Source material

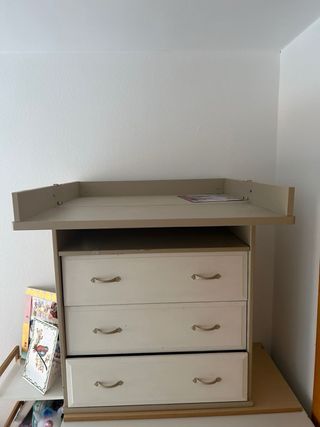 Mueble cambiador con cajonera para bebé. - Diseño funcional y práctico. - Cajonera con tiradores. - Acabado en color beige.
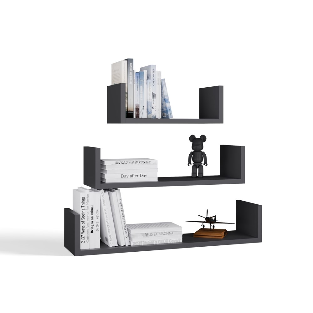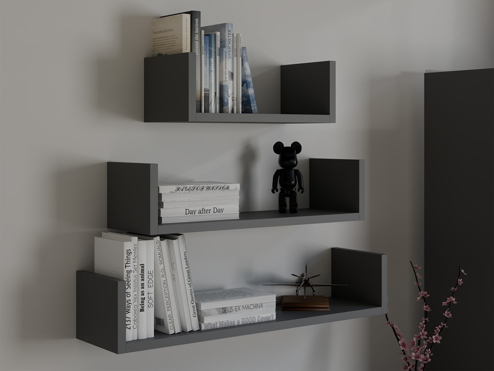 Zestaw 3 półek Apolia antracyt – półki ścienne do nowoczesnych wnętrz
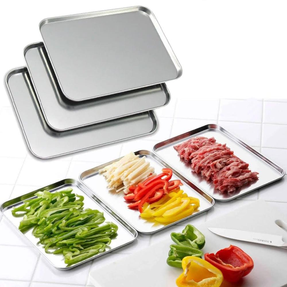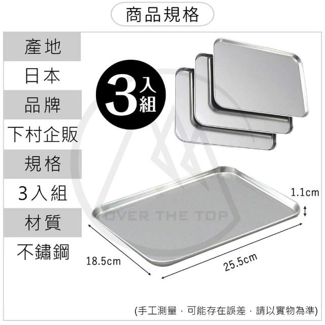 下村工業日本製 不鏽鋼料理盤(3入組)/淺型調理盤 瀝油盤 備料盤 備料碗 不鏽鋼方盤 廚房托盤
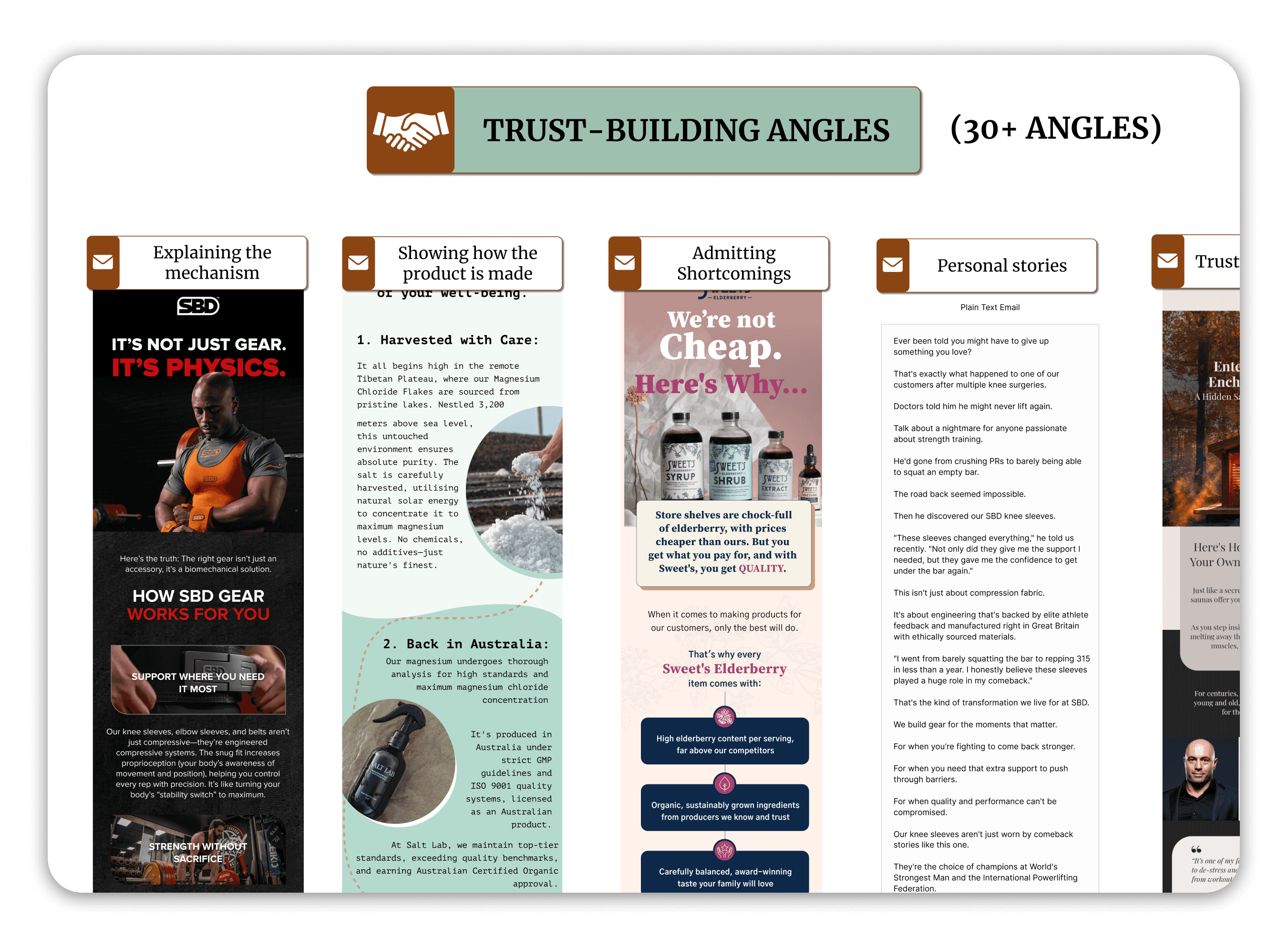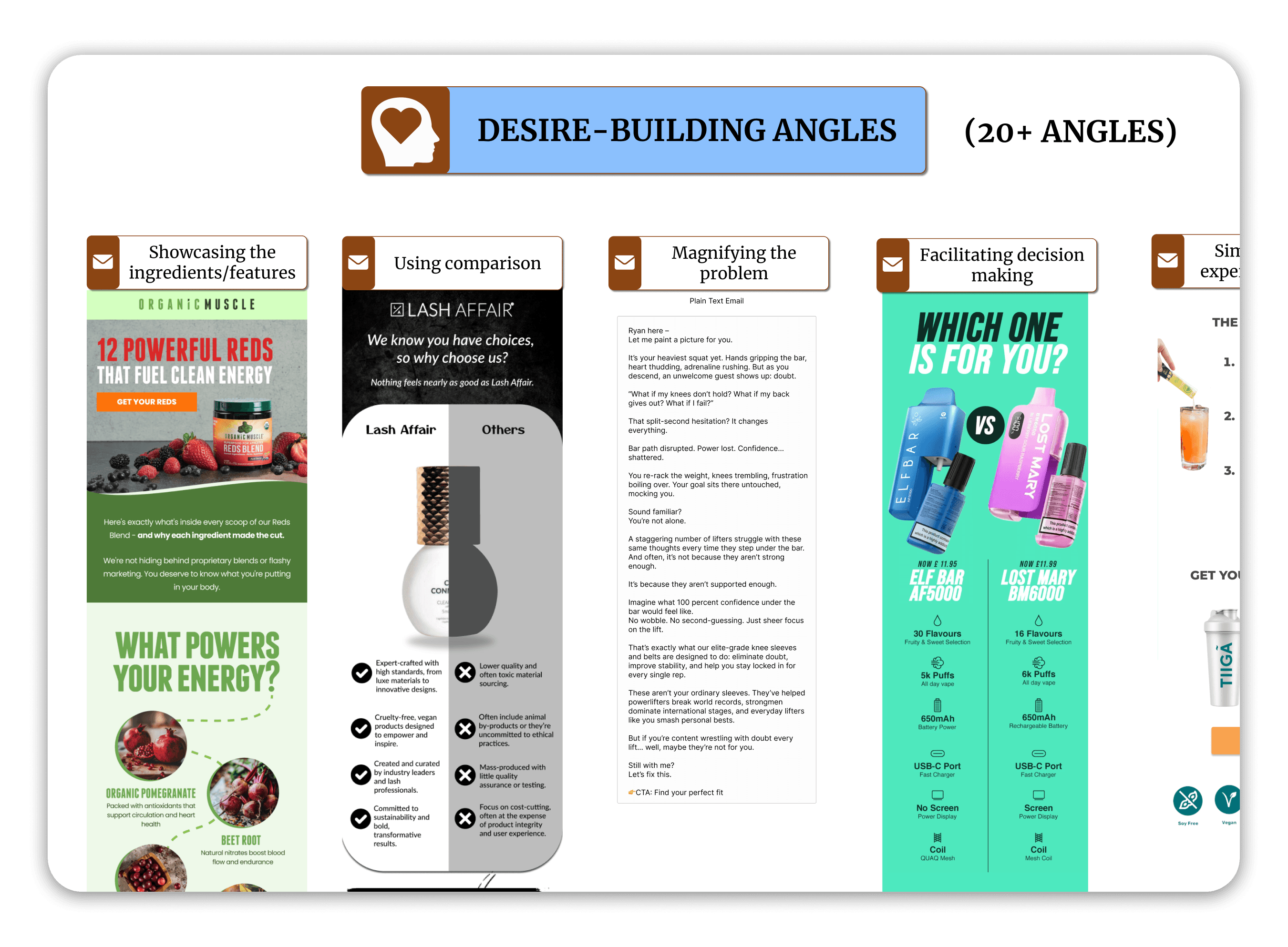 We use 50+ angles to build trust and desire with your audience. Each one becomes its own email.
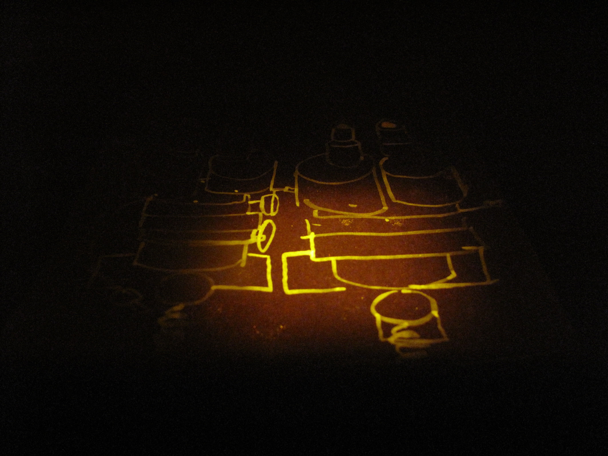 This obsessive need to record traces and seek meaning in them coincides with the very nature of forensics where every detail is important and rich with underlying narrative. Using found objects from the local area and materials commonly used in the forensics lab, Haines wanted the viewer to share the same curiosity and intrigue she felt when watching a fingerprint magically appear under a UV light; that a secret has suddenly been exposed. Working with Dr.Kevin Farrugia, Abertay University, Haines learned how to best visualise minute pieces of evidence using dyes and fluorescent lighting which react with blood and grease from human skin. Artworks appeared to undergo a physical change as a result of scientific alteration.
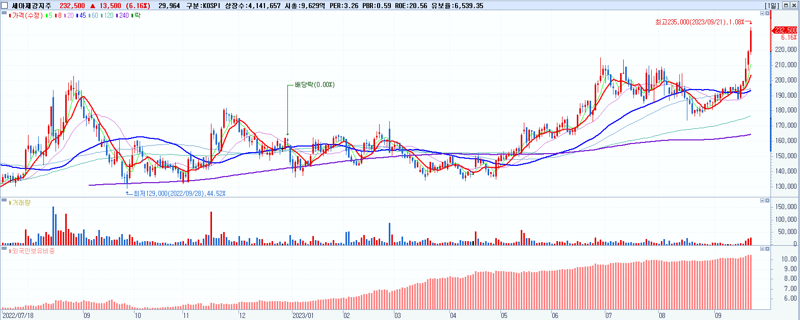 세아제강지주 232,500원 ▲ 6.16% (KOSPI, 003030)
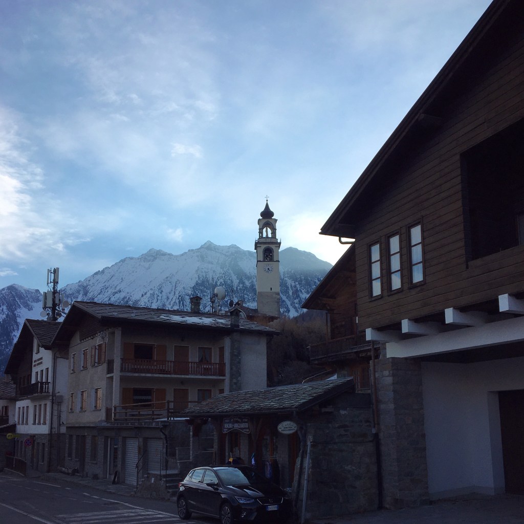 Det som är lite speciellt med den här delen av Italien, Aostadalen, är att här pratas både franska och italienska. Och även egen dialekt av frankoprovensalska. Och ja det märks. Vi hörde franska talas ibland och på tåget från Turin mot Aosta (där vi klev av i Verres) ropades det ut i högtalarna på både italienska och franska.
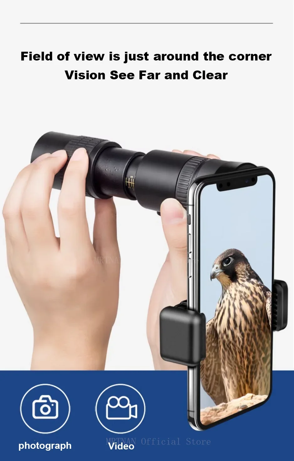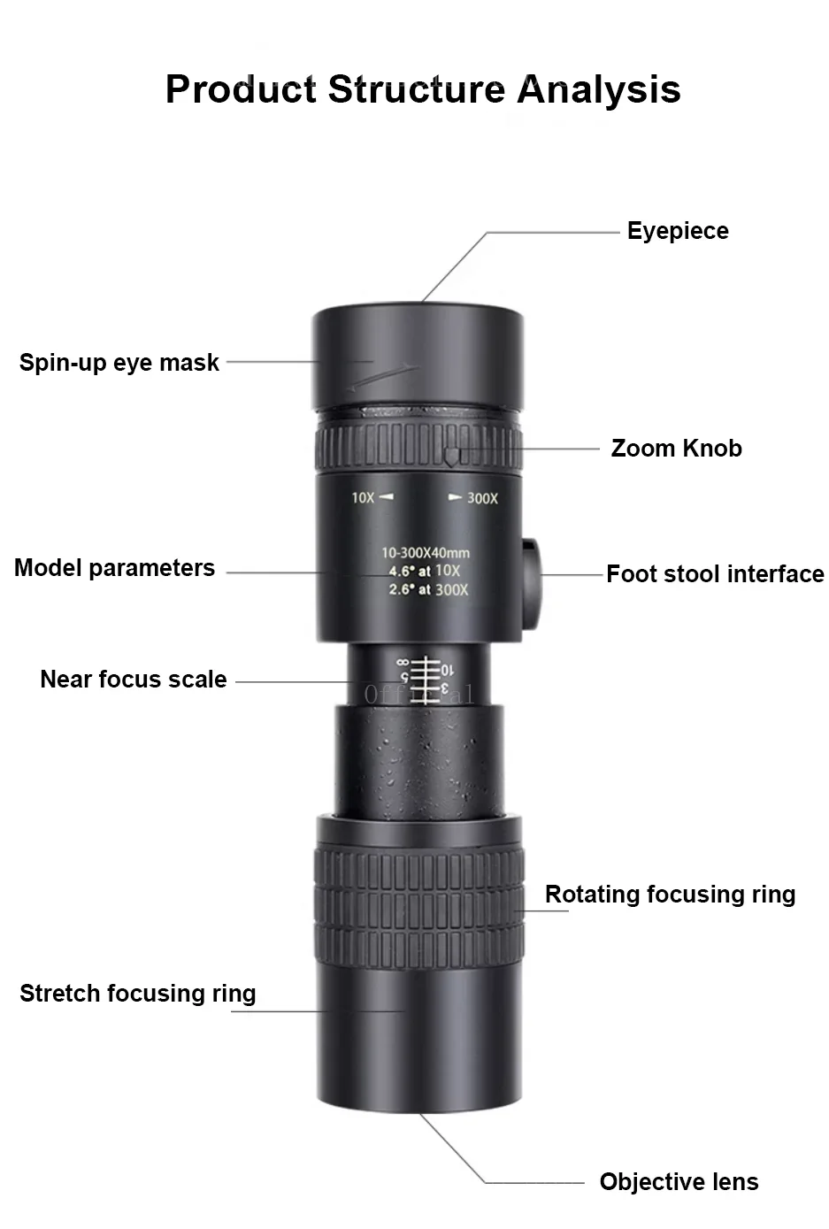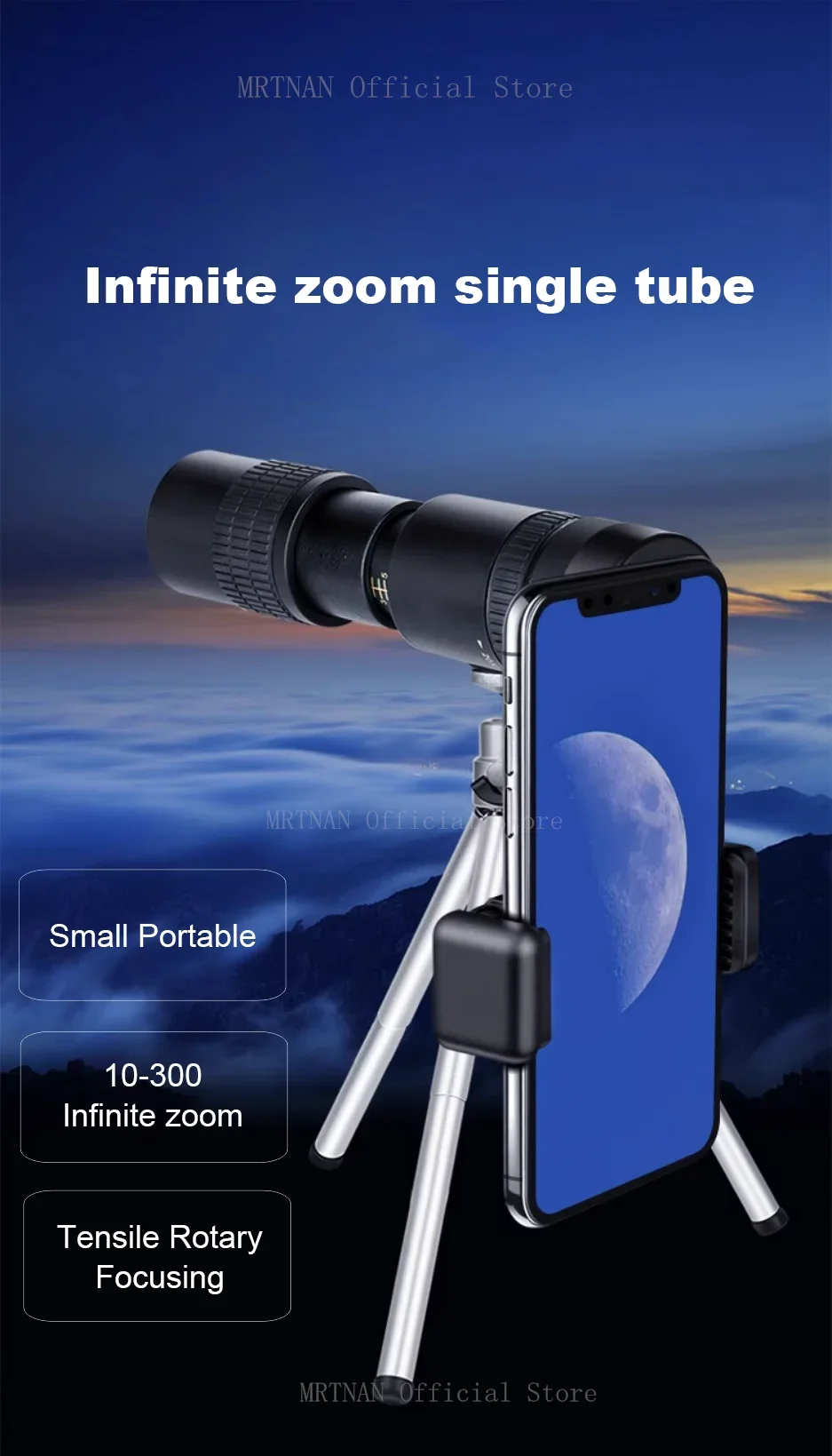 Potente telescopio monocular con Zoom 10-300X, telescopio monocular profesional remoto HD, prisma BAK4 de alta calidad, portátil para acampar

How to complete this task
If pictures appear among the records, do not carry them over; retype the rest exactly.

Task output
 Mueble cambiador con cajonera para bebé. - Diseño funcional y práctico. - Cajonera con tiradores. - Acabado en color beige.
 Zestaw 3 półek Apolia antracyt – półki ścienne do nowoczesnych wnętrz
 下村工業日本製 不鏽鋼料理盤(3入組)/淺型調理盤 瀝油盤 備料盤 備料碗 不鏽鋼方盤 廚房托盤
 We use 50+ angles to build trust and desire with your audience. Each one becomes its own email.
 This obsessive need to record traces and seek meaning in them coincides with the very nature of forensics where every detail is important and rich with underlying narrative. Using found objects from the local area and materials commonly used in the forensics lab, Haines wanted the viewer to share the same curiosity and intrigue she felt when watching a fingerprint magically appear under a UV light; that a secret has suddenly been exposed. Working with Dr.Kevin Farrugia, Abertay University, Haines learned how to best visualise minute pieces of evidence using dyes and fluorescent lighting which react with blood and grease from human skin. Artworks appeared to undergo a physical change as a result of scientific alteration.
 세아제강지주 232,500원 ▲ 6.16% (KOSPI, 003030)
 Det som är lite speciellt med den här delen av Italien, Aostadalen, är att här pratas både franska och italienska. Och även egen dialekt av frankoprovensalska. Och ja det märks. Vi hörde franska talas ibland och på tåget från Turin mot Aosta (där vi klev av i Verres) ropades det ut i högtalarna på både italienska och franska.
 Potente telescopio monocular con Zoom 10-300X, telescopio monocular profesional remoto HD, prisma BAK4 de alta calidad, portátil para acampar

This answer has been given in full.